Published: 2026-05-07

AgentSpan Makes LangChain and CrewAI Pipelines Crash-Proof with Per-Step Persistence

AgentSpan is an open-source (MIT), self-hosted runtime that solves a fundamental problem with production AI agent pipelines: when a crash or restart happens, agents currently re-run from scratch and repeat every side effect — duplicate emails, double database writes, extra API calls. AgentSpan fixes this by moving orchestration state to a separate server and persisting every individual tool call, not just nodes. Built by the team behind Netflix Conductor.

Source video

"Agentspan: Build Crash-Proof AI Agents Pipelines (Free) with LangChain/LangGraph/CrewAI" by FuturMinds — Watch on YouTube →

Key Takeaways

Every individual tool call and LLM call becomes its own persisted task — more granular than LangGraph checkpointers, which only save at the node level.
Orchestration state moves to a separate AgentSpan server; your Python code becomes a worker that registers functions and receives dispatched tasks.
A crashed pipeline resumes from the exact failed step — completed tool calls are not re-executed, preventing duplicate emails, charges, or API calls.
Human-in-the-loop approvals are stored as durable tasks — a thread doesn't need to stay open for hours or days, and approval state survives process restarts.
MIT-licensed, fully self-hosted — your agent data never leaves your own infrastructure.
Works alongside LangGraph, CrewAI, and OpenAI Agents SDK — no framework migration required, just a few lines of change.

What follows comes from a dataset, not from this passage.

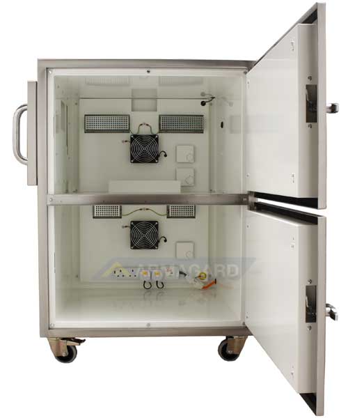 Exclusivamente diseñada, nuestro armario climatizado para impresoras es el único método posible de utilizar una impresora en zonas de ultracongelación. Con almacenamiento para rollos de papel de repuesto y cabezales de impresión, nuestra SPRI-800 tiene un exclusivo conducto que proporciona una fuente constante de calor a los cabezales de la impresora para garantizar una impresión confiable, continua y segura en temperaturas bajo cero.
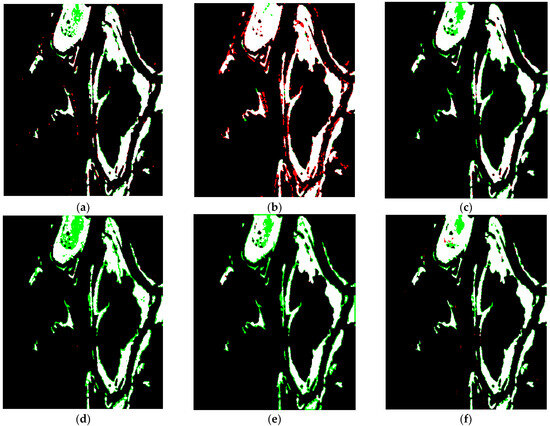 Figure 12 presents the change detection outcomes for the Village of Feltwell dataset using the difference images processed with the two-level clustering model, with the associated performance metrics detailed in Table 4. From these visuals and data, it is observed that the log-ratio with two-level clustering (LRTLC) method exhibits the fewest false positives, with an FP value of 77. Meanwhile, the mean-ratio with two-level clustering (MRTLC) approach shows the least number of missed detections, evidenced by the FN value of 124. The PCA with two-level clustering (PCATLC) method ranks second in terms of both FN and FP, but it achieves the best performance in overall error (OE), percentage of correct classifications (PCC), Kappa coefficient (KC), and F1-score, with values of 360, 99.77%, 95.54%, and 95.66%, respectively. These results demonstrate the superior change detection capability of the fused difference image approach.

The Problem: Why Agent Pipelines Fail in Production

Every major agent framework today — LangGraph, CrewAI, OpenAI Agents SDK — runs the entire pipeline inside your Python process. Every LLM call, every tool call, every intermediate result lives in process memory. This creates four compounding problems: a single crash or container restart forces a full restart from scratch; there's no visibility on which agents completed or what they produced; restarting causes duplicate side effects from already-executed tools; and human-approval workflows require blocking an open thread for hours or days.

LangGraph has checkpointers (memory server, Postgres) but they work at the node level — they save state between agents, not within them. If a researcher agent calls three tools and crashes after the second, the checkpointer doesn't help: the entire node reruns. FuturMinds demonstrates this exact scenario: a researcher-writer-editor pipeline that crashes during the writer stage ends up sending duplicate notification emails to the team when restarted.

How AgentSpan Fixes It

AgentSpan separates your code from the execution state. Your code still defines the agents and tools — nothing changes there. But orchestration state (which agent runs next, what each previous agent produced, where in the pipeline you are) moves to a separate AgentSpan server. Your Python process becomes a worker: it registers tool functions with the server, receives dispatched calls, and returns results. The server persists every completed step.

When your Python process dies, the server still has the full workflow state. It knows which steps completed and which were in progress. When your process restarts, it picks up exactly where it left off. Already-completed tool calls are skipped entirely — no duplicate notifications, no double-charged transactions. Tool idempotency is built in at the platform level, not left to individual developers to implement per tool.